━━ MATERIAL TO PROCESS ━━

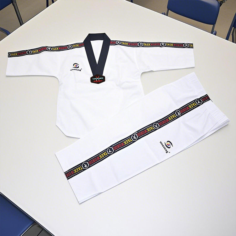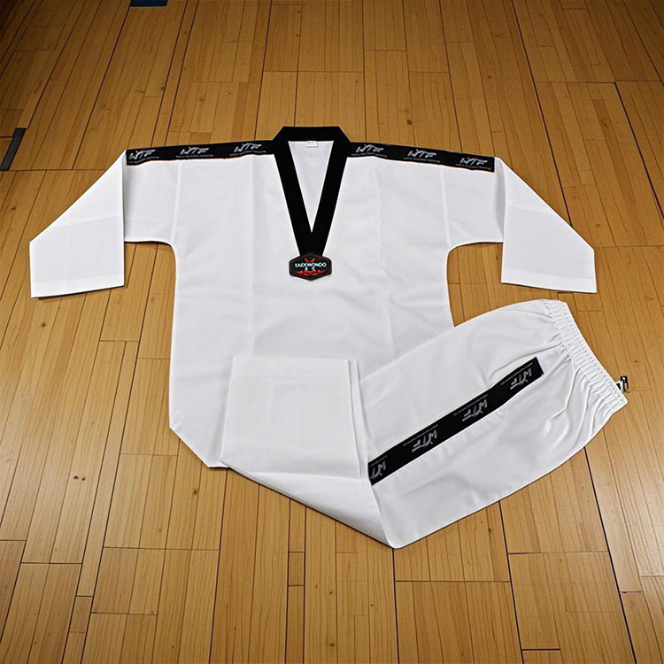 縞模様のテコンドー道着のパンツのデザインも快適さと実用性のバランスに重点を置いています。安全で便利な巾着ベルトのデザインは、個人のニーズに応じて簡単に調整でき、トレーニング中に安定したフィット感を確保できます。特別に強化された膝部分はトレーニング中の摩擦や摩耗に効果的に抵抗し、肌の隅々まで保護します。基本的なアクションの練習でも、激しい実戦での対決に参加する場合でも、このユニフォームはオールラウンドな快適さと保護を提供します。
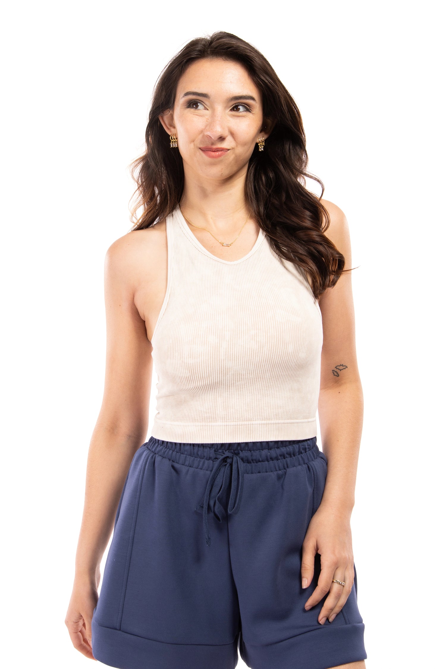 The whole day is harmonious in the Line of Harmony Bralette from Zenana. This bralette features a ribbed pattern, seamless material, racerback design, and removable padding. Pair with a cardigan and shorts for a relaxing day at home or a cozy day of errands.
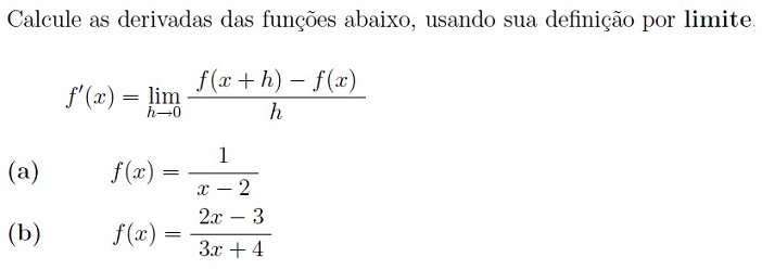 Para encontrar a derivada de uma função pela definição (dada), basta substituir... Veja:
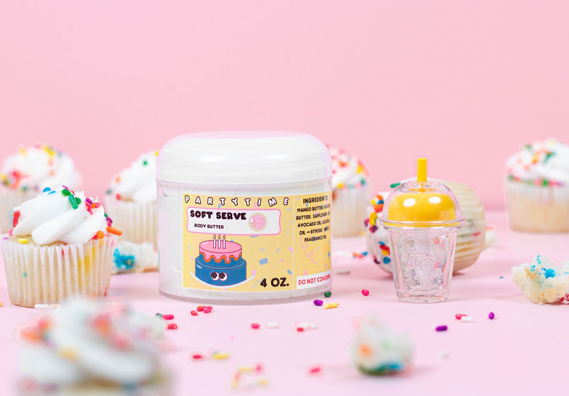 One: Scrubbie Shake Lip Gloss, Soft Serve Body Butter & HandScooped Whipped Soap.
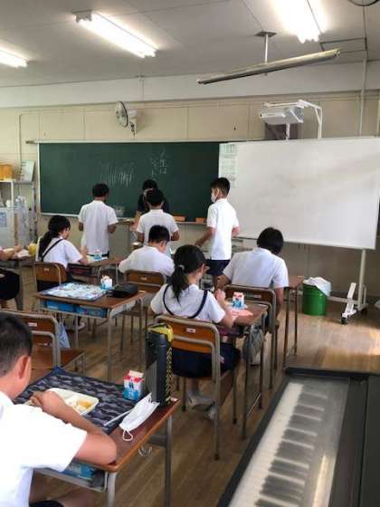 写真は6年生で、それぞれが距離をとりながら給食を食べています。

━━━

HOW TO COMPLETE THIS TASK
The answer must be an exact copy of the lines from the one with "The whole day" through the final line above, both ends included, and nothing else; pictures stay out.

YOUR SOLUTION
 The whole day is harmonious in the Line of Harmony Bralette from Zenana. This bralette features a ribbed pattern, seamless material, racerback design, and removable padding. Pair with a cardigan and shorts for a relaxing day at home or a cozy day of errands.
 Para encontrar a derivada de uma função pela definição (dada), basta substituir... Veja:
 One: Scrubbie Shake Lip Gloss, Soft Serve Body Butter & HandScooped Whipped Soap.
 写真は6年生で、それぞれが距離をとりながら給食を食べています。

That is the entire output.